A handful of grassroots pro-choice protests have been organized for Friday's opening night.
Cineplex, Canada’s largest chain of movie theatres, has defended its choice to show Unplanned at 14 of its some 1,700 locations. When Refinery29 reached out for comment, a Cineplex representative directed us to an open letter written by Cineplex president and CEO Ellis Jacob and published on Twitter. “The decision to move forward with screenings of this particular film was a complicated one and it was not made easily or lightly,” In this instance, he added, “many of us will have to set aside our own personal beliefs and remember that living in a country that censors content, opinions and points of view because they are different from our own is not a country that any of us would want to live in.”
In addition to Cineplex, several independent theatres are also screening the movie, according to BJ McKelvie, president of Cinedicom, the Fredericton, NB-based company distributing the film in Canada.
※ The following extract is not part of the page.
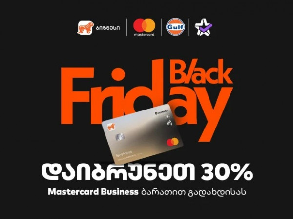 საწვავზე 30%-იანი ქეშბექი Gulf-ის ქსელშიMastercard Business Card-ის მფლობელებს შესაძლებლობა აქვთ, 28 ნოემბერს, Black Friday-ზე, Gulf-ის ქსელში საწვავის შეძენისას 30%-იანი ქეშბექი (მაქსიმუმ 100 ლარის ოდენობით) მიიღონ.ქეშბექის მისაღებად საჭიროა გადახდა განხორციელდეს საქართველოს ბანკის ტერმინალზე. ქეშბექი ანგარიშზე 2-3 სამუშაო დღეში დაბრუნდება.იხილეთ მეტი ინფორმაცია შეთავაზების შესახებ ამ ბმულზე.Extra.ge-ზე – ყველა პროდუქტზე 30%-იანი ქეშბექიMastercard Business ბარათით Extra.ge-ზე გადახდისას ბიზნესებს Black Friday-ზე, 28 ნოემბერს, 30%-იანი ქეშბექის (მაქსიმუმ 200 ლარამდე) მიღების შესაძლებლობა აქვთ. შეთავაზება Extra.ge-ის სრულ ასორტიმენტზე მოქმედებს.ქეშბექის მისაღებად საჭიროა საქართველოს ბანკის გადახდის მეთოდის არჩევა. ქეშბექი ანგარიშზე 2-3 სამუშაო დღეში დაბრუნდება.იხილეთ მეტი ინფორმაცია შეთავაზების შესახებ ამ ბმულზე.საქართველოს ბანკი, პარტნიორი ბიზნესების ჩართულობით, მეწარმეებისთვის მუდმივად ქმნის შეთავაზებებს. შეთავაზებები მოიცავს ფასდაკლებებს, ქეშბექებს თუ სპეციალურ პირობებს ტექნოლოგიურ, მარკეტინგულ, საბუღალტრო, ფინანსურ და სხვა სერვისებზე. ამ შეთავაზებების შესახებ სრული ინფორმაციის მისაღებად ეწვიეთ საქართველოს ბანკის ვებგვერდს.
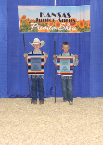 Drew McCurry, Hutchinson, Kan., champion, left; and Jance Mosbarger, Goodland, Kan., reserve champion, right, won top honors in the novice showmanship division at the 2025 Kansas Junior Angus Association Preview Show, June 7-8 in Hutchinson, Kan. Photo by Jeff Mafi, American Angus Association.

McKelvie, who is also a pastor, says he approached the filmmakers directly when he learned that another Canadian distributor had shot down the Christian studio-backed film. “The movie lined up with my faith,” he says, adding that his company releases a wide variety of films. “It really is a business decision. If pro-choice groups had a movie, they could bring it to me and I would distribute that too,” he says. McKelvie, who says he’s not against a woman’s right to choose whether or not she wants an abortion, added that he can’t see the movie influencing abortion legislation in Canada. Abortion has been legal here since 1988.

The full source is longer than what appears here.